HISTORICAL BACKGROUND
A great wealth of ancient Roman monuments is concentrated in this neighborhood. Famous sites include the Capitoline hill, the Palatine, and the Roman Forum. The center of the district was, and still is, the Campidoglio: here were the seats of the government, the civic institutions and the main places of worship. The Palatine was a residential area, where Augustus built his palace (the word palace, meaning noble dwelling, derives from Palatium, the ancient name of the hill). In medieval times the district fell into decay and only ruins are left where its great monuments once stood. The area at the foot of the hill, the only inhabited zone, developed into a sort of Rive Gauche during the Renaissance period: its residents included artists such as Michelangelo, Giulio Romano and Pietro da Cortona. In the 15th century Paul III carried out restoration work on both the Campidoglio and the Palatine, while the forum continued to be used as grazing land (systematic archeological excavations were not carried out until the 19th century).

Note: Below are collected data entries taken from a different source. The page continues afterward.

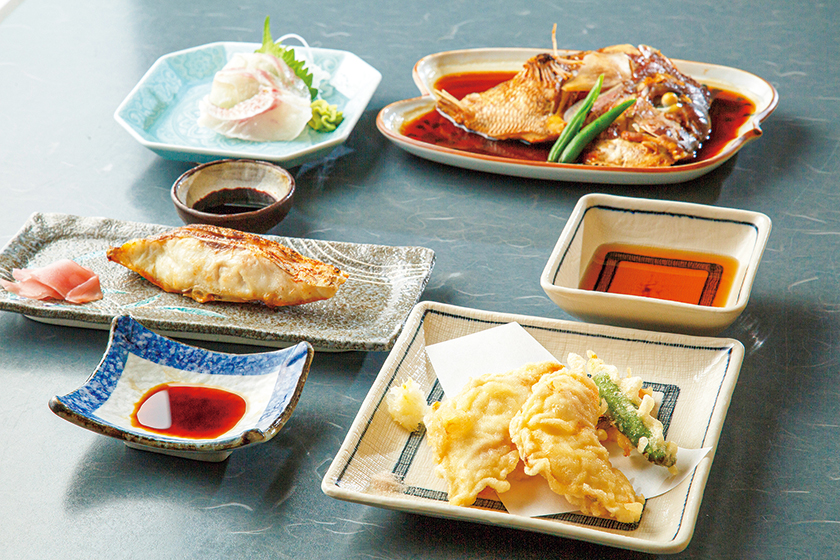 おすすめは、名物の鯛料理をあれこれ味わえる定食だ。
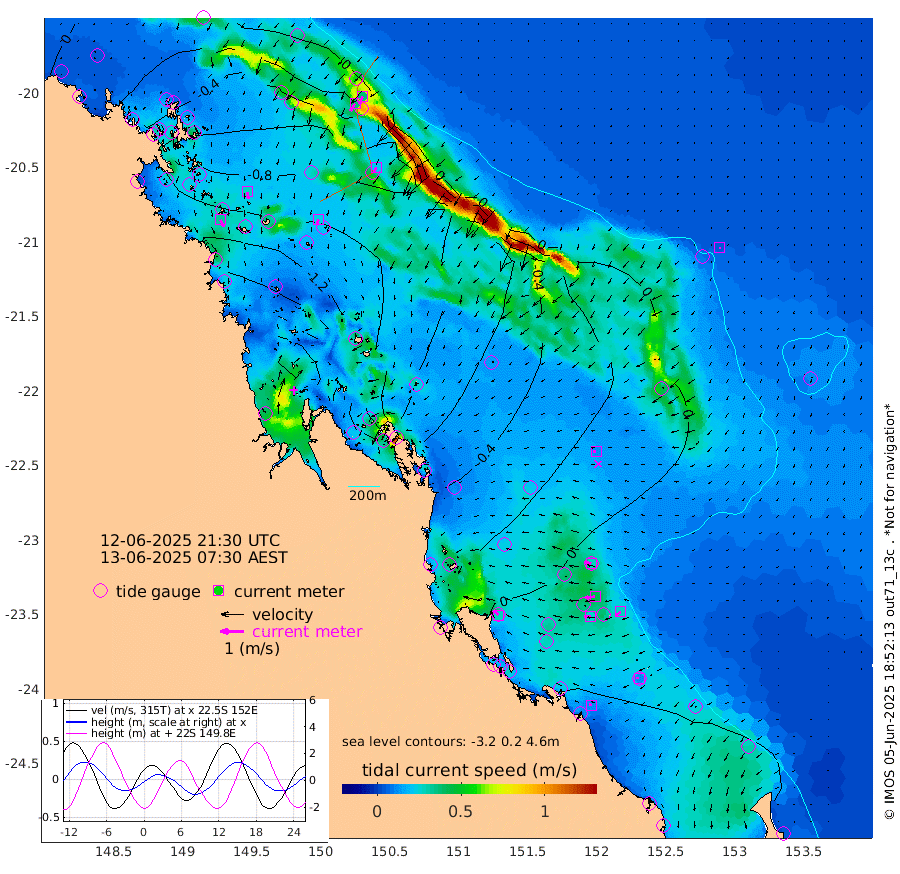 33cm/s 154T +10cm/s rms + 2cm/s 5T. Brampton I 18m 28cm/s 171T +9cm/s rms + 6cm/s 66T. Wigton I 38m 22cm/s -161T +7cm/s rms + 8cm/s 141T. Tern I 47m 36cm/s -156T +7cm/s rms + 12cm/s 54T. N Bugatti Rf 64m 36cm/s -147T +3cm/s rms + 13cm/s 178T. W Bugatti Rf 70m 21cm/s -161T +3cm/s rms + 3cm/s -130T. Creal Rf 69m 29cm/s -72T +7cm/s rms + 4cm/s 2T. North Rf 62m 27cm/s -45T +9cm/s rms + 2cm/s -56T. Cape Capricorn 26m 12cm/s -84T +5cm/s rms + 3cm/s 166T. L Musgrave I 42m 11cm/s -77T +9cm/s rms + 1cm/s -142T. Round Hill Hd 26m 6cm/s -177T +41cm/s rms + 48cm/s 116T. GBRELR 305m 13cm/s -93T +7cm/s rms + 6cm/s 123T. GBRCCH 92m 42cm/s -97T +8cm/s rms + 3cm/s -33T. GBRHIN 45m 26cm/s -95T +4cm/s rms + 2cm/s 41T. GBRHIS 46m 27cm/s -124T +16cm/s rms + 4cm/s -22T. GBROTE 59m -50cm Bell Cay -24cm Holbourne I -97cm Tern I -36cm Bugatti Rf -62cm Creal Rf -18cm White Tip I 2cm North Rf 5cm Rundle I 11cm L Musgrave I 19cm Saumarez Reef -11cm Kennedy Reef -3cm Unnamed Reef No. 2 -16cm Abbot Point -25cm Bowen -50cm Tideway Reef -41cm Hayman Island -68cm Square Reef -40cm Double Bay -60cm Molle Island -54cm Cid Harbour -45cm Hook Island -55cm Border Island -55cm Haslewood Island -59cm Shute Harbour -87cm Thomas Island -80cm Credlin Reef -88cm East Repulse Island -89cm Blacksmith Island -107cm Laguna Quays -86cm Carlisle Island (Off) -90cm St. Bees Island -86cm Scawfell Island -101cm Penrith Island -125cm Mackay Outer Harbour -132cm Hay Point -131cm Prudhoe Island -112cm Middle Island (Percy Isles) -46cm Gannet Cay 5cm Elusive Reef -217cm Mcewin Islet -95cm Mumford Island -116cm Osborn Island -117cm Marquis Island -100cm Reef Point -68cm High Peak Island -44cm Port Clinton -24cm Peaked Island 10cm Karamea Bank -16cm Johnson Patch - NW -15cm Rosslyn Bay -10cm Middle Island (Keppel Isles) -23cm Port Alma 9cm Heron Island 6cm One Tree Islet 6cm Polmaise Reef -5cm Tryon Island 14cm Rock Cod Shoal 0cm Gatcombe Head -7cm Gladstone 2cm South Trees (Storm Surge) 15cm Clews Point 13cm Round Hill Head 13cm Lady Elliot Island 7cm Breaksea Spit 19cm Bundaberg (Burnett Heads) 25cm Elliot Heads 2cm Waddy Point (Fraser Island)
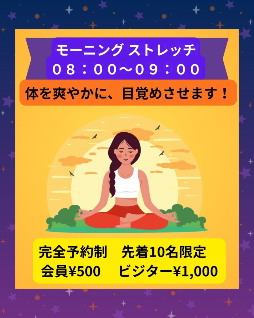 ストレッチポヌルで䜓をゆるめ、朝のリスタヌト。
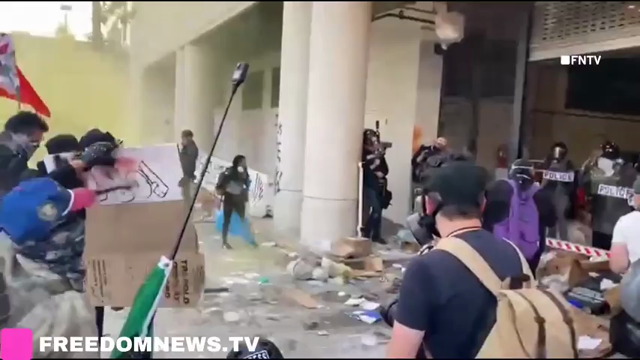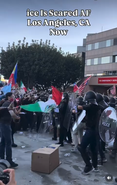 Fascist paramilitary invaders using a LRAD sound weapon on peaceful demonstrators outside of the downtown Los Angeles ICE detention facility (12/30/25)
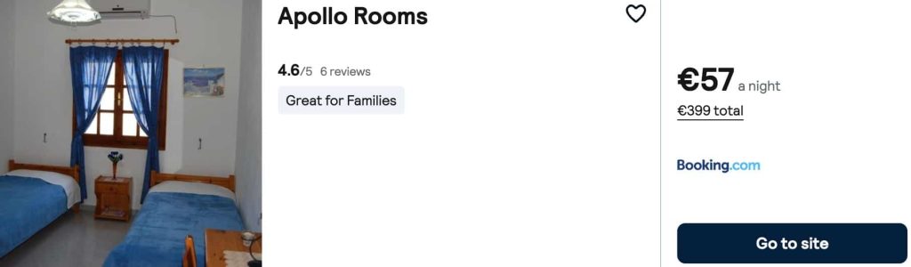 CAZARE 1: Apollo Rooms, Preț cameră dublă 399€, Preț persoană 199€, 9-16 Iul 2026 (7 nopți)
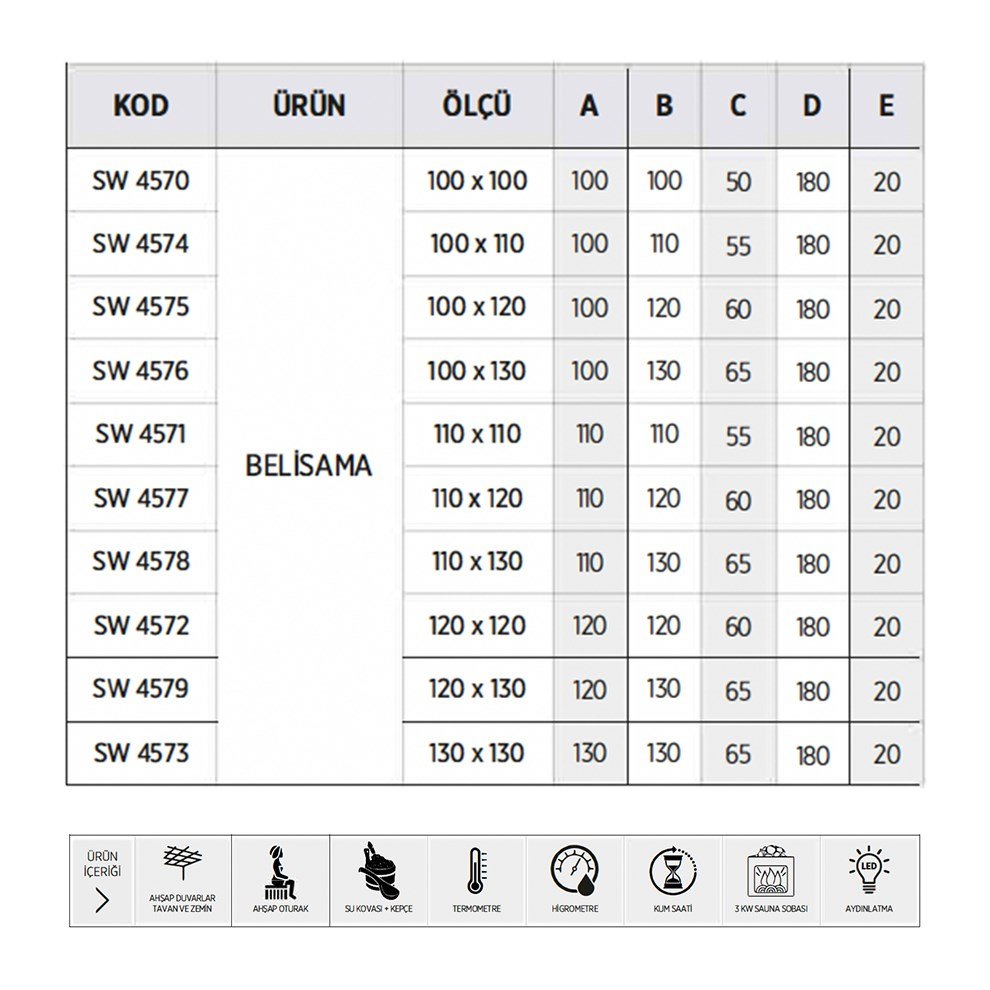 Shower Belisama 130×100 cm Sauna. 215 cm yükseklik. Ahşap duvarlar ahşap tavan ve zemin. Ahşap oturak. Su kovası ve kepçe. Termometre. Higrometre. Kum saati. 3 kw sauna sobası. Led aydınlatmaBu ürün sağ konumlandırmaya uygundur. Detaylı bilgi için Whatsapp üzerinden bize ulaşın.
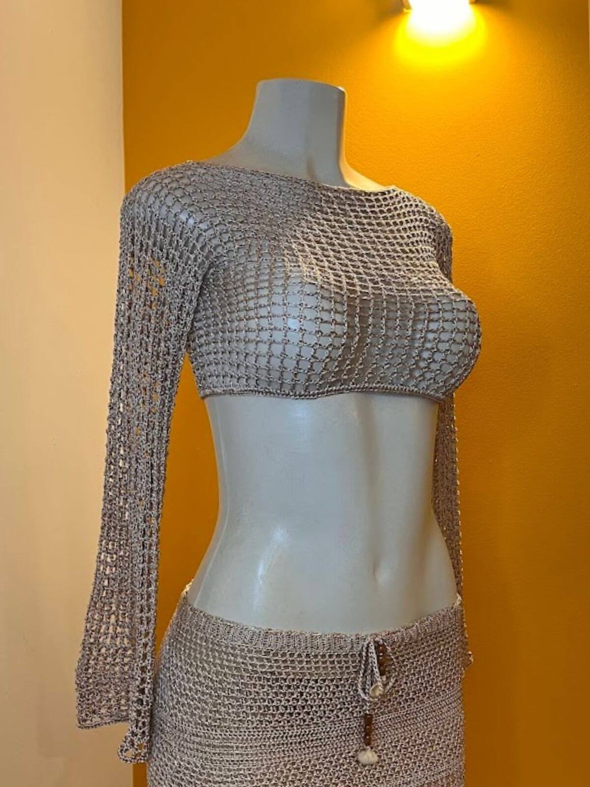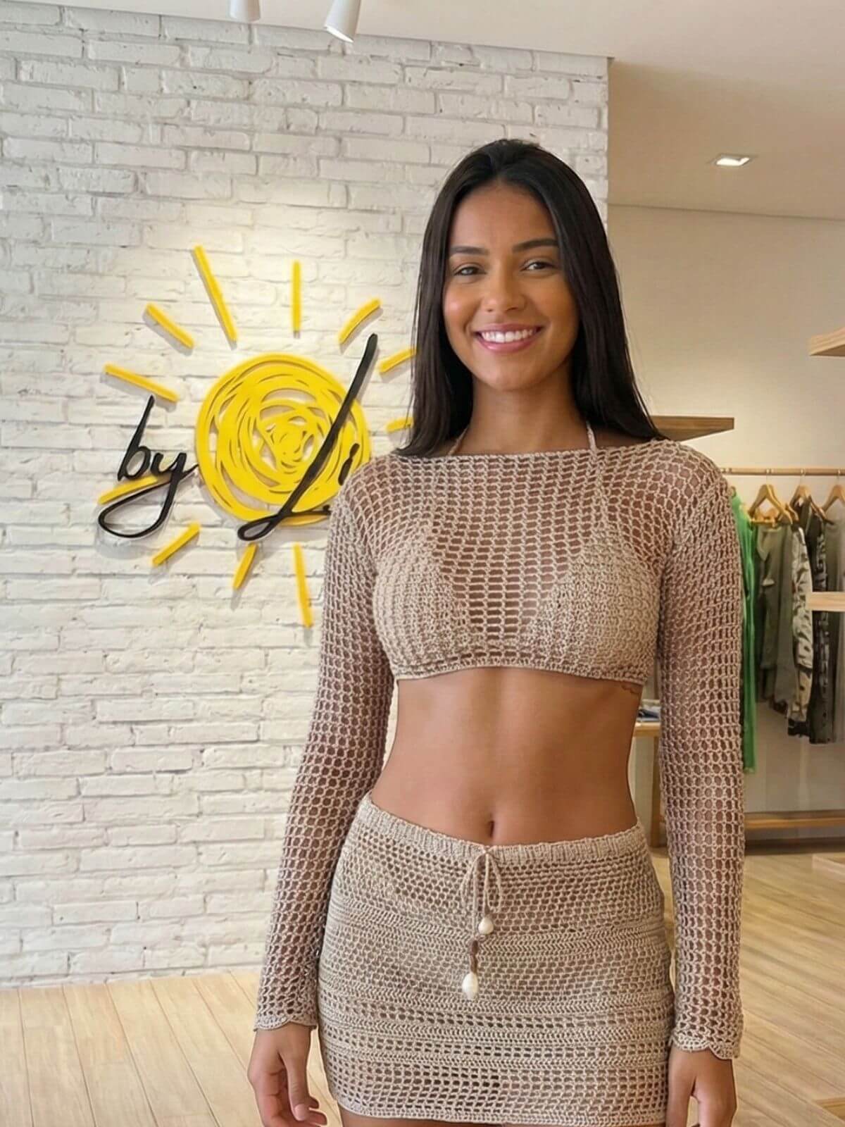 ✨ Os detalhes que encantam: cada ponto deste Cropped revela o cuidado do trabalho artesanal. A trama aberta em ponto rede (telinha) traz uma transparência moderna e sensual, perfeita para sobreposições, enquanto o caimento fluido da Linha 100% Poliamida Cordonê Filare valoriza o corpo com suavidade. As mangas longas adicionam um toque de sofisticação e mistério, transformando o visual praiano em uma produção cheia de personalidade — ideal para transitar da areia para um fim de tarde elegante.

Between the late 19th and early 20th century the neighborhood underwent extensive demolition work, which canceled out entire swathes of the ancient urban fabric and brought to light new archeological finds: all to the advantage of the hill, its beauty enhanced by its isolation position.
NOT TO BE MISSED
From Piazza d'Aracoeli a flight of steps - 124 in number, made in the 14th century from marble taken from the nearby ruins - leads to the church of Santa Maria in Aracoeli, built in the seventh century on the site of the temple of Giunone Moneta and rebuilt at the beginning of the 14th century. The imposing interior holds a wealth of works of art. The magnificent prospect of nearby Piazza del Campidoglio is the work of Michelangelo - at the back, the Palazzo Senatorio, at the sides the Palazzo dei Conservatori and the Palazzo Nuovo, which houses the collections of the Capitoline Museums. Down Via San Pietro in Carcere, to the left of Palazzo Senatorio, is the church of Saints Luca and Martina and the Carcere Mamertino (Mamertine Prison). Not far from here is the entrance to the archeological zone of the Roman Forum and the Palatine. The most noteworthy ruins include the "Basilica Aemilia", the Curia (where the Roman Senate met), the arch of Settimius Severus, the temples of Saturn, Concorde and Vespasian, the Rostri (the orators' speaking platform), the column of Phocas, the Basilica Iulia, the temples of Caesar, Castor and Pollux, Vesta, Antoninus and Faustina and the Divine Romolus, the Basilica of Maxentius and the arch of Titus.
CURIOUS FACTS
It is believed that in Nero's time Saints Peter and Paul were imprisoned in the Carcere Mamertino at the foot of the Campidoglio, and that after nine months they managed to escape with the help of their prison guards, converted in the meantime to Christianity. An inscription on a column inside commemorates this conversion, and mentions a spring that gushed miraculously from the rock in that very spot, to allow Peter and Paul to baptize their guards, Processus and Martinianus. In 1726 this site was consecrated as San Pietro in Carcere.